でも前に、おに吉さんは、こどもの日にぼくの家にあそびにきたこともあったから、なんとなくそうぞうはついた。

そのとき、ふと思いついた。

「ねえ、おに吉さん」

「なんだ?」

「かみなりぐもに、ぼくととくちゃんを乗せてくれないかな?」

ぼく、前にかみなりぐもにのせてもらってスーパー五穀まで行ったことがあるのを思い出して、それできいてみたんだ。そうしたら、おに吉さんは笑ってこういった。

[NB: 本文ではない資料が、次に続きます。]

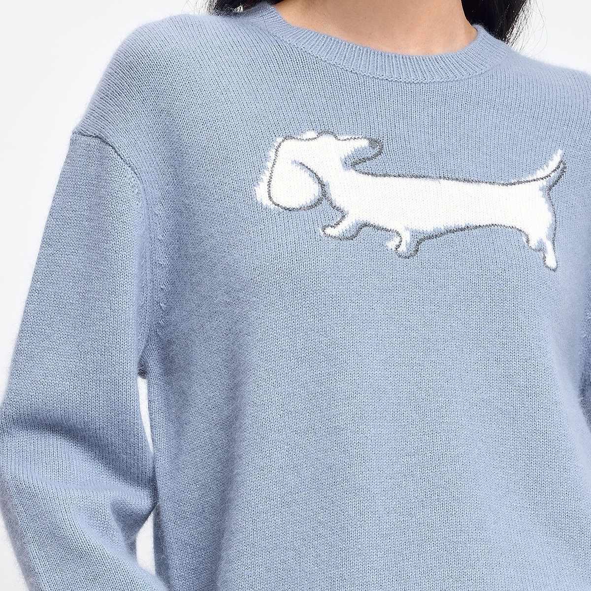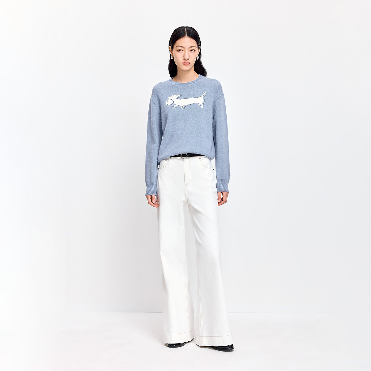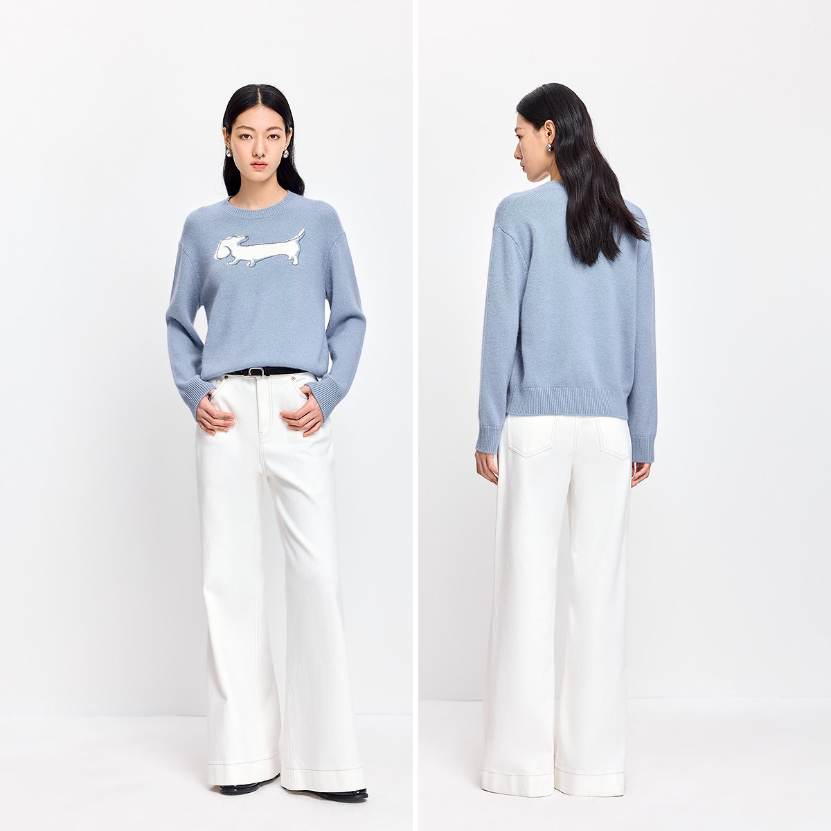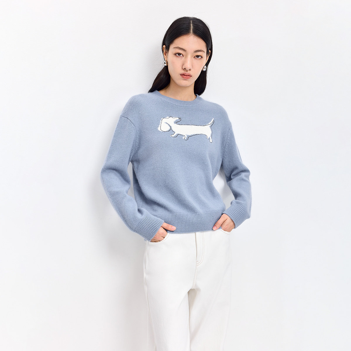 LILY2026春新款含兔毛羊毛撞色小狗图案蓝色套头圆领针织衫毛衣女
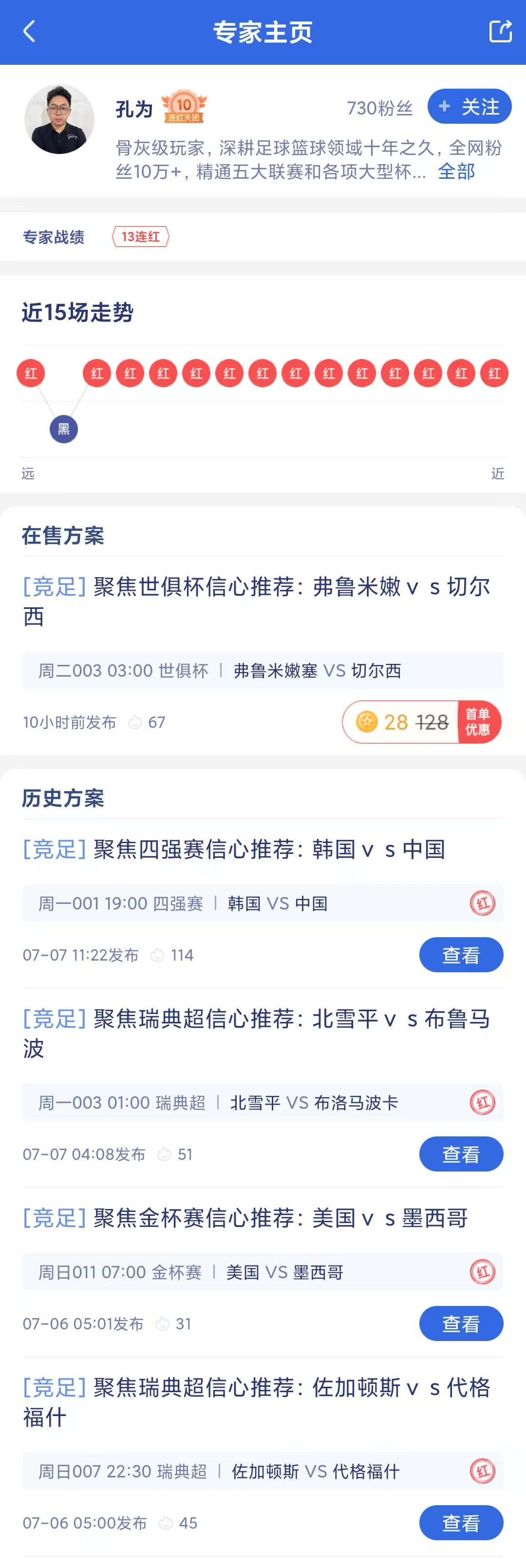 竞彩专家“孔为”近期状态极佳,豪取13连红!今日带来世俱杯半决赛推荐,向着15连红天团前进!

「なあんだ、そんなのお安いごようさ! さ、のったのった!」

「ありがとう! とくちゃん、のろう!」

「う、うん……」

ぼくはとくちゃんといっしょに、かみなりぐもにのりこんだ。

「よーし、出発するぞー」

おに吉のかけ声とどうじに、くもがうかびあがって、びゅーんとうごきだした。

「ところで、ねずみくんの連れの馬の子はなんていうんだ?」

「ぼ、ぼくですか? ぼくは、うまのとくっていいます。とくちゃん、って、よばれてます」

「よろしくな、とくちゃん! おれは角田おに吉っていうんだ。まあ、みたとおりの、二本の角をもった赤おにだ。よろしくな!」

「よ、よろしくおねがいします!」

ぼく、ふたりがじこしょうかいしあっているのを見て、ちょっとほっとした。

これならきっと、ふたりはなかよくなるだろうなって、なんとなくそうおもったんだよね。